Description of the task -
Among the entries below, find the line with "Hier finden Sie" and the line with "- Alumni can". Return exactly those lines and every line between them, but no pictures.

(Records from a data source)
::::::

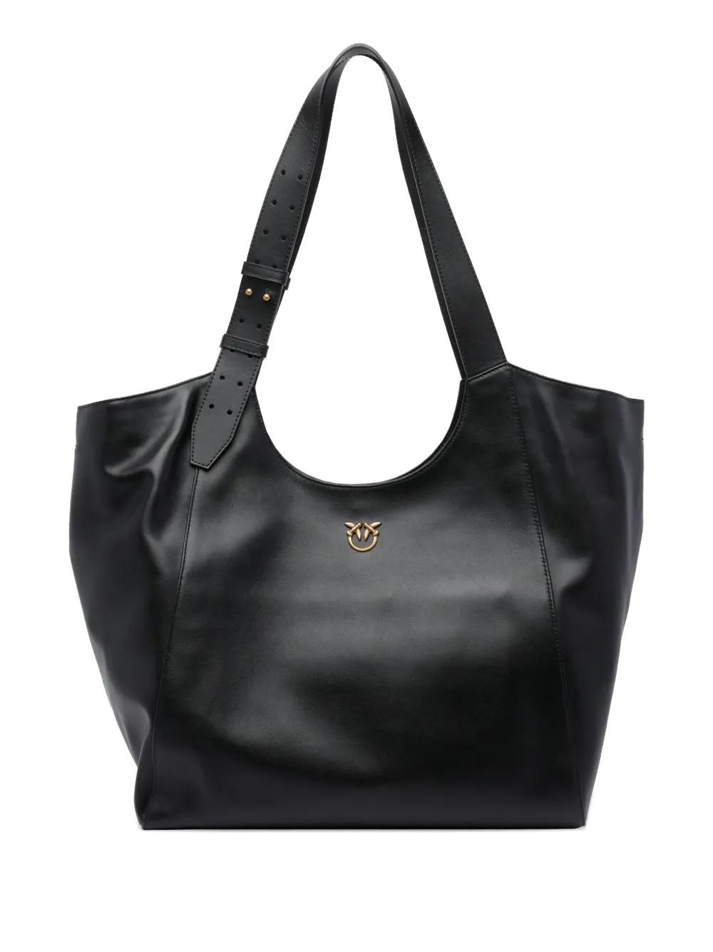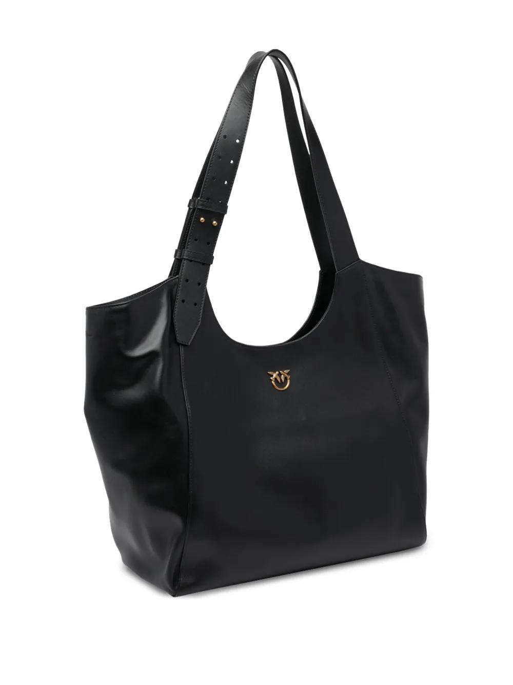 black calf leather logo detail magnetic closure carabiner closure adjustable shoulder strap
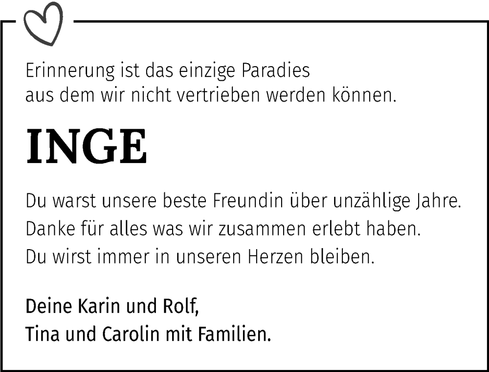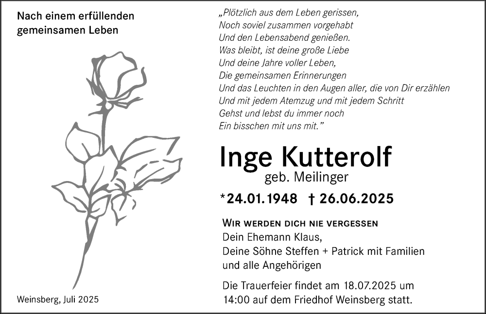 Hier finden Sie alle Traueranzeigen aus der Zeitung, die bisher für Inge Kutterolf erschienen sind. Weitere Traueranzeigen, die in der Zeitung erscheinen, werden hier ebenfalls aufgelistet
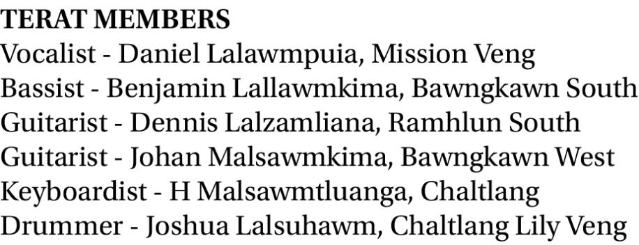 Darjeeling Melotea Fest 3rd Edition, Inrinni liamta zana D-Rock English Band Competition-ah Mizo band - TERAT chu pakhatna an ni. He intihsiakna final competition-ah hian band pakua an intihsiak a, TERAT hi pakhatna niin, lawmmanah Rs 8,00,000 an dawng a ni.
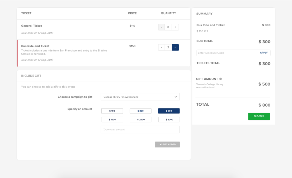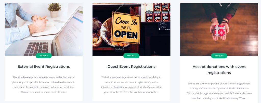 - Alumni can also donate or give gifts to a cause as part of the event registration flow.
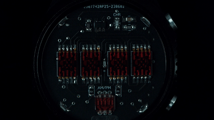 ボタンを押すとアニメーションと共にセグとバックライトが稼動します。非稼動時もメカニックなデザインであるからこそビジュアルだけで楽しむことができます。
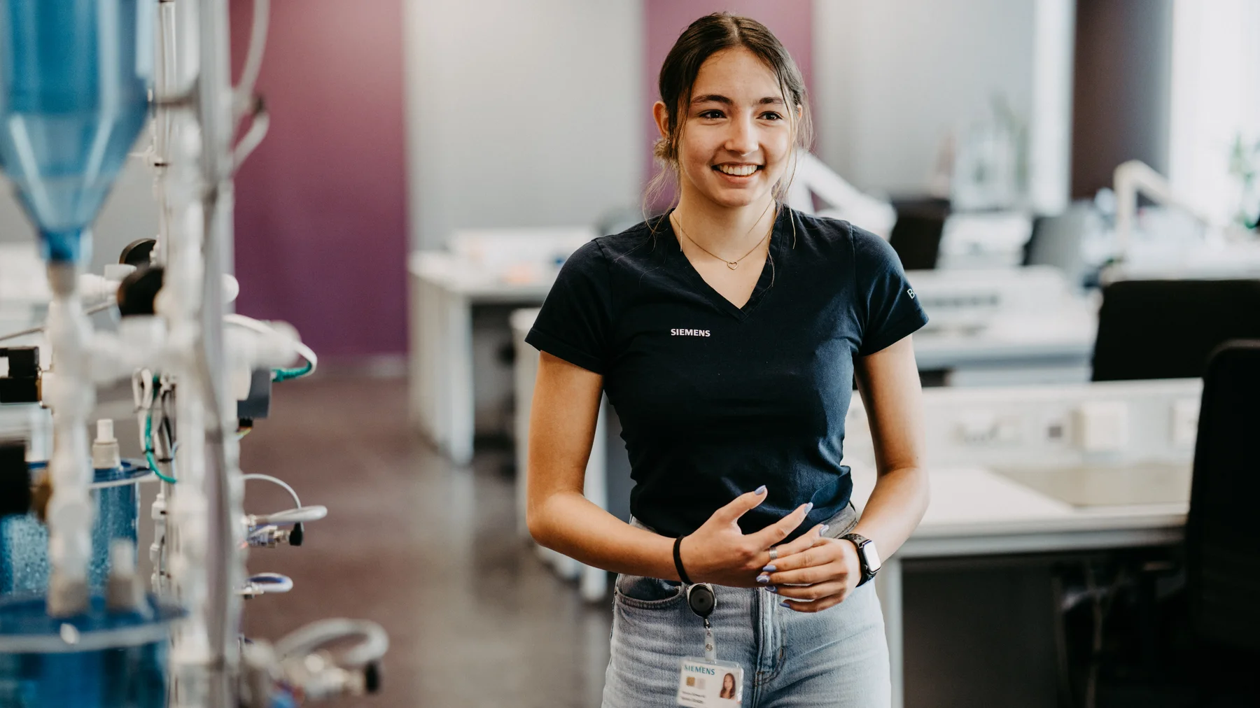 «Es war der gleiche Lehrer, der mir empfahl, am Meitli-Technik-Tag von Siemens teilzunehmen. Da wurden die drei Berufe Elektroniker/in, Automatiker/in und Informatiker/in vorgestellt. Bei Automatiker/in wusste ich sofort: Das ist das, was ich machen will. Nicht nur am Computer sitzen, sondern auch handwerklich tätig sein – aber eben nicht nur. Das hat mich fasziniert. Wir durften eine Platine programmieren, so dass sie anschliessend blinkte. Da habe ich den ganzen Ablauf gesehen: Vom Zusammenbauen übers Löten und Programmieren. Was mir am Automatiker/Innen-Beruf gefällt, ist, dass ich sofort ein Resultat sehe. Ich denke mir eine Struktur aus und sehe anschliessend ein Produkt, das genau das macht, was ich mir ausgedacht hatte. Das ist sehr motivierend. Zudem arbeitet man als Automatiker/In eng mit verschiedenen Experten zusammen, da es überall Schnittstellen gibt. Taucht einmal eine Frage auf, weiss man sofort, wer einem dabei weiterhelfen kann. Diesen Team-Spirit schätze ich sehr. Der Meitli Technik-Tag motivierte mich, mich für eine Automatiker/Innen-Lehre bei Siemens zu bewerben. Dass dies gelang, freut mich immer noch sehr.»

::::::

Answer to this problem -
 Hier finden Sie alle Traueranzeigen aus der Zeitung, die bisher für Inge Kutterolf erschienen sind. Weitere Traueranzeigen, die in der Zeitung erscheinen, werden hier ebenfalls aufgelistet
 Darjeeling Melotea Fest 3rd Edition, Inrinni liamta zana D-Rock English Band Competition-ah Mizo band - TERAT chu pakhatna an ni. He intihsiakna final competition-ah hian band pakua an intihsiak a, TERAT hi pakhatna niin, lawmmanah Rs 8,00,000 an dawng a ni.
 - Alumni can also donate or give gifts to a cause as part of the event registration flow.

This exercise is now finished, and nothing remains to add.